Given two functions $f(\mathbf{x^TAx})$ and $g(\mathbf{x^TBx})$, consider the new function $h(\mathbf{x})=f(\mathbf{x^TAx})g(\mathbf{x^TBx})$. Can $h$ be a function with a quadratic argument of the form $\mathbf{x^TS_{A,B}x}$?
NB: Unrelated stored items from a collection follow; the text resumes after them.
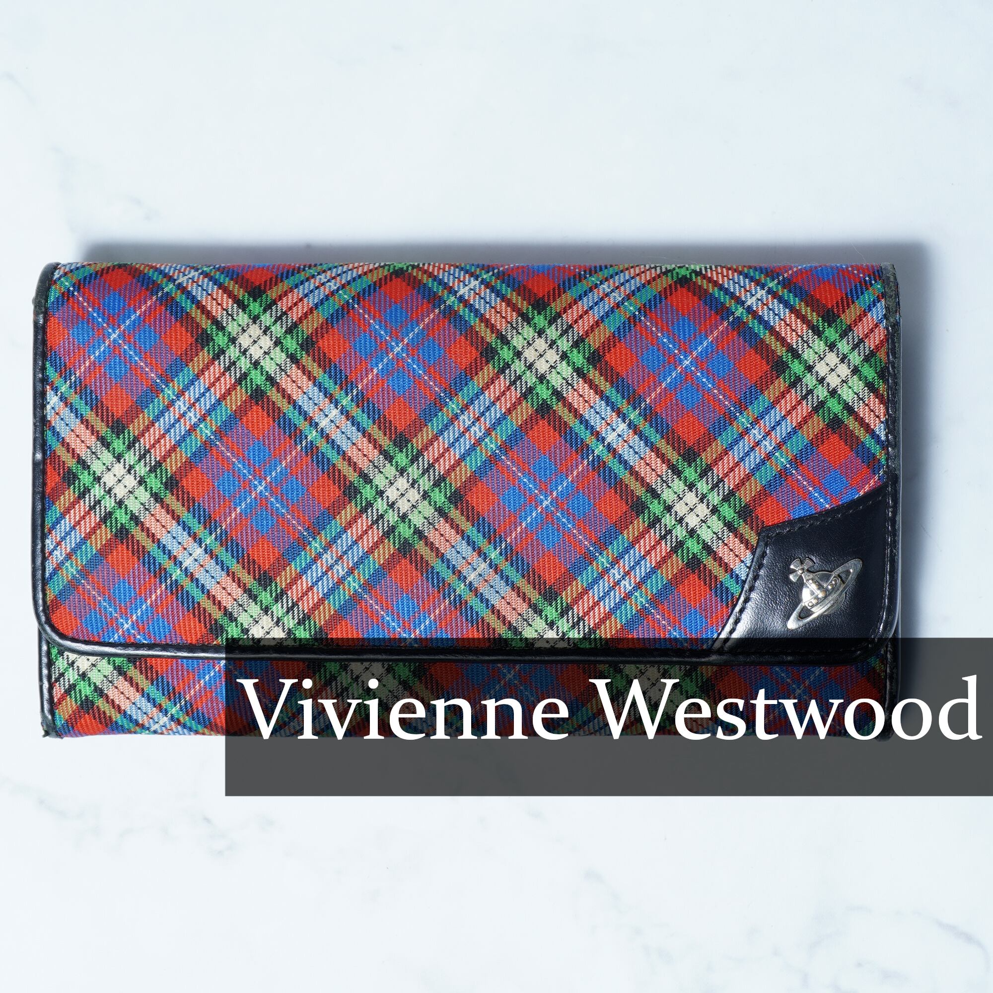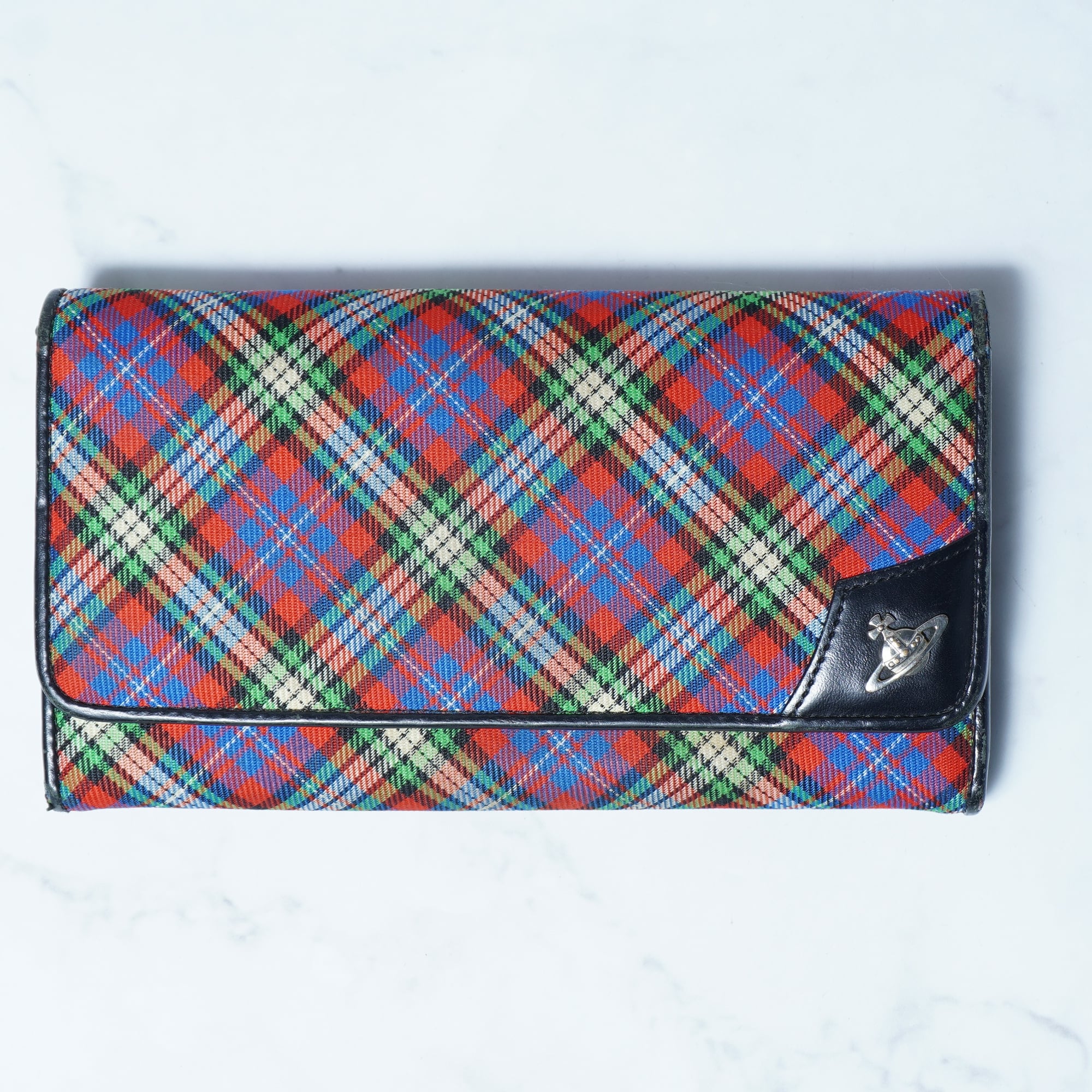 【Vivienne Westwood】ヴィヴィアンウエストウッド オーブロゴ タータンチェックロングウォレット red&blue&green
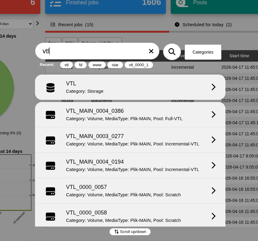 Storage - searches Bacula storage resources
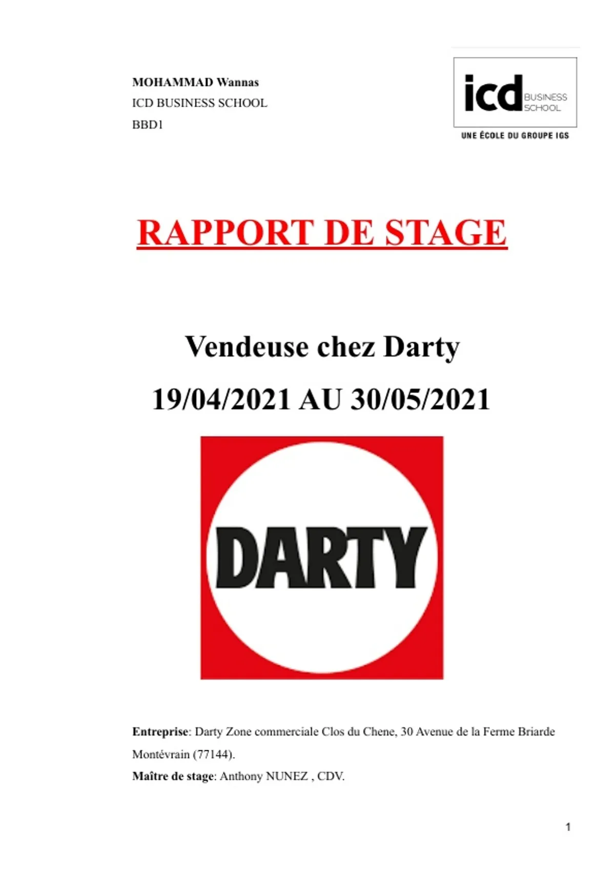 Rapport de stage Darty

I know for exponential $f=e^{-\mathbf{x^TAx}}$ and $g=e^{-\mathbf{x^TBx}}$ it follows immediately that $h=e^{-\mathbf{x^T(A+B)x}}$. But in general, are there any conditions on $f$ and $g$ that result in an $h$ with quadratic argument even if $\mathbf{S_{A,B}}$ is unknown? For example if $f=e^{-\mathbf{x^TAx}}$ and $g=\frac{1}{1+\mathbf{x^TBx}}$, can we have $h=\frac{e^{-\mathbf{x^TAx}}}{1+\mathbf{x^TBx}}=h(\mathbf{x^TS_{A,B}x})$?
Thanks for any helps and hints.
PS: A simpler case where either $\mathbf{A}$ or $\mathbf{B}$ is the identity matrix would also be very helpful.